Ниночка провожала его до прихожей. Когда он оделся и взялся за ручку двери, она остановила его:

— Доктор, отчего захворал мой сын?

Доктор поднял брови и пожал плечами:

— По всей вероятности, простуда.

— Вчера он сидел в саду на сырой земле больше часа и плакал; мог он захворать от этого?

— Разумеется, мог. — И прибавил: — Тревожиться особенно нечего: прежде всего нужен покой.

Доктор ушел. Ниночка заперла за ним дверь. И долго стояла в прихожей, — смотрела на улицу. Ночь была тёмная и туманная. Фонари расплывались в стёклах тусклыми пятнами, и мелкими искорками отражались в запотелых окнах.

…Сыро теперь на улице и земля холодная… Ранней весной всегда земля холодная…

У ней плечи вздрогнули, точно и их коснулась холодная сырость.

«Я себя обманываю, — не хочу думать о главном. Коля из-за меня простудился. Если он умрёт, я буду виновата».

Ниночка мысленно отчеканивала каждое слово, точно гвозди в себя вбивала.

И сама удивлялась: совсем не больно! — Ну, я виновата, и пусть… Неужели до такой степени всё безразлично?

И не жалко, и не страшно. Только сильнее плечи вздрагивают от холода и неприятно смотреть на тусклую, сырую улицу.

Ниночка отходить от окна и медленно идет из прихожей.
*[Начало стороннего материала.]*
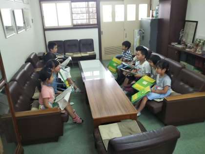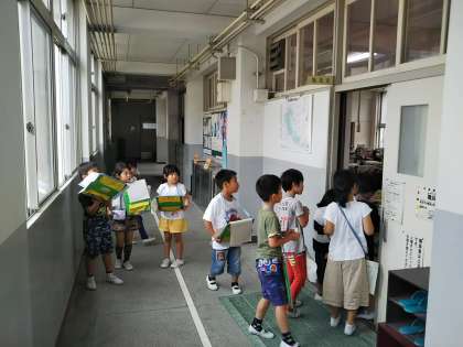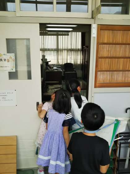 学校のいろいろな教室をグループでまわりました。メモをとりながら頑張っていました。
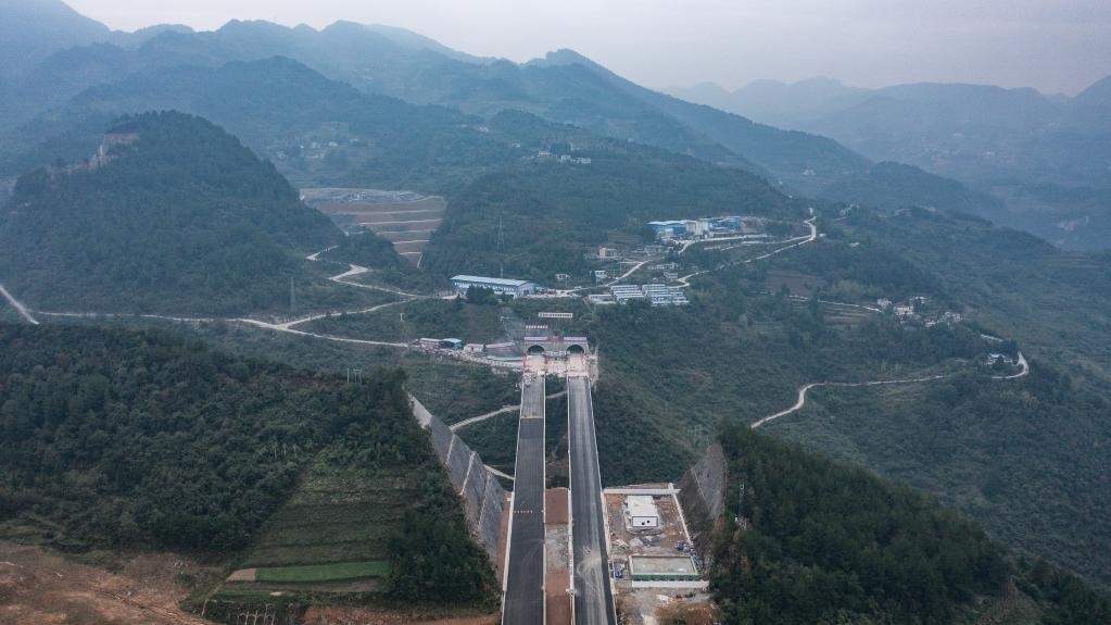 這是2022年10月13日拍攝的蘭州至??趪腋咚俟分貞c至遵義段(貴州境)擴(kuò)容工程項(xiàng)目桐梓隧道。當(dāng)日,桐梓隧道右幅順利貫通。新華社記者 陶亮 攝

«Я не могу ухаживать за ним — пусть бабушка. Это очень скверно, но я не могу».

Она доходит до своей комнаты. Поворачивается.

Идёт в детскую.

Коля спит. В углу горит лампада и в комнате мягкий, ровный свет. У изголовья, в кресле, сидит бабушка — дремлет.

Ниночка подходит к ней и говорит:

— Бабушка, иди спать. Я буду за Колей сама ходить.

Бабушка привыкла слушаться Ниночку и не тревожить её лишними вопросами, она покорно встаёт, крестит Колю, целует холодное, неподвижное лицо Ниночки и уходит к себе.

Ниночка на следующий день перенесла свою постель в детскую — и больше уже не отходила от Коли.

С каждым днём ему становилось хуже. Доктор приезжал два раза в день, и Ниночка каждый день спрашивала его в упор, не стараясь смягчить своего вопроса:

— Выздоровеет или умрет?

Доктор пожимал плечами, морщился и говорил уклончиво:

— Положение очень серьёзное…

На четвёртый день к вечеру Коленька почувствовал себя особенно плохо.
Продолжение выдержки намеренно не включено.